So my mother called yesterday to complain about her hometown newspaper.
My mother is a newspaper lover. Gets two delivered daily. When I was growing up, we had three dailies in town, and we got all three.
Sometimes she's been irritated at the Sole Suriving Paper, sometimes mildly amused. This was the first time she'd been really angry.
Why, what evil have they done?
Well, they shrunk the web width to 44 inches. That creates a newspaper that looks like a narrow storm door, but that was just an irritation.
But shrinking the web width meant that the comics were narrower and the TV book data was smaller, making it hard for older readers to read. (Not herself, my mother pointed out repeatedly. Other older readers. Not her.)
But these were mere provocations. What did they really do?
Apparently they ran a half-page of pet-related classifieds each week, and to fill the space above them with friendly copy, they had people send in their pet photos, which ran along with humorous captions -- pet thought balloons. This had been replaced by a boring feature from a syndicated veterinarian.
OK, everyone laugh together and say, "Core mission," "We have to make hard decisions" and "Cheapened the paper anyway." You can even laugh at my mother.

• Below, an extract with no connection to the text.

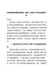 纪检监察教育整顿党课讲稿:做敢于斗争善于斗争的纪检监察干部同志们:刚才我们一起参观了XXX纪念馆,大家再次重温了红军二万五千里长征这段辉煌的历史,相信大家对中国共产党和红军谱写的这一壮丽史诗又有了更深的感悟,特别是对发生在XX附近的湘江战役有了更深的认识。下面,我将根据《中共中央关于开展全国纪检监察干部队伍教育整顿的意见》文件精神,给大家分享一堂“做敢于斗争善于斗争的纪检监察干部”的主题党课,希望大家能够有所收获,有所启发。今天的内容,我想从两个方面展开来说。一、先跟大家分享下关于敢于斗争善于斗争的必要性和紧迫性。党的XX大制定了当前和今后一个时期党和国家的大政方针,取得了一系列丰硕的政治成果...

But the other thing was that the editor of the paper writes a column every week explaining why the paper makes the decisions it does, and what readers have to say about them, and, as she puts it, "he spends all his time apologizing." The week before he had heralded the changes with great positiveness. This week, no column and no explanation for its absence.
I tried to explain how it could be that he was coincidentally on vacation and that when they re-formatted the pages for a narrower web they forgot to format the sickbox, as we call it, onto the page and so the layout editor just forgot to note the column's absence without a visual cue. So she agreed to give it another week before she called and berated them.
So in addition to pets, what my mother was really angry about was that they appeared to take away a column about -- journalism. And also because: "He seems like such a nice man."
But, I said, all the other stuff is in the paper still, right? The news and the sports and stuff. Oh yeah, she said, and I look at it, I read it. But I don't care about it. This is stuff I care about.
Journalism is important, but journalism is abstract. The little things make the emotional connection that bonds a reader and a newspaper. Journalists have a couple of emotional connections anyway. It's our newspaper, and we love journalism, and we really, really care about issues like urban planning or politics. Blessedly some of our readers are like us. But not as many as we wish. Some are like a woman nearing 80 who takes two newspapers a day, has her TV turned to news channels much of the time, listens to Springsteen, goes to movies like "No Country for Old Men" because they're smart and not sappy, and yet gets really, really angry if the newspaper takes away her cute pet photos. Stop the description at "sappy" and she sounds like us. Throw in the pet column and she becomes one of those people who don't understand our holy mission.
I was going to move on to other topics for a while other than "the customer is not us," but you know, sometimes you have to do things for your mother.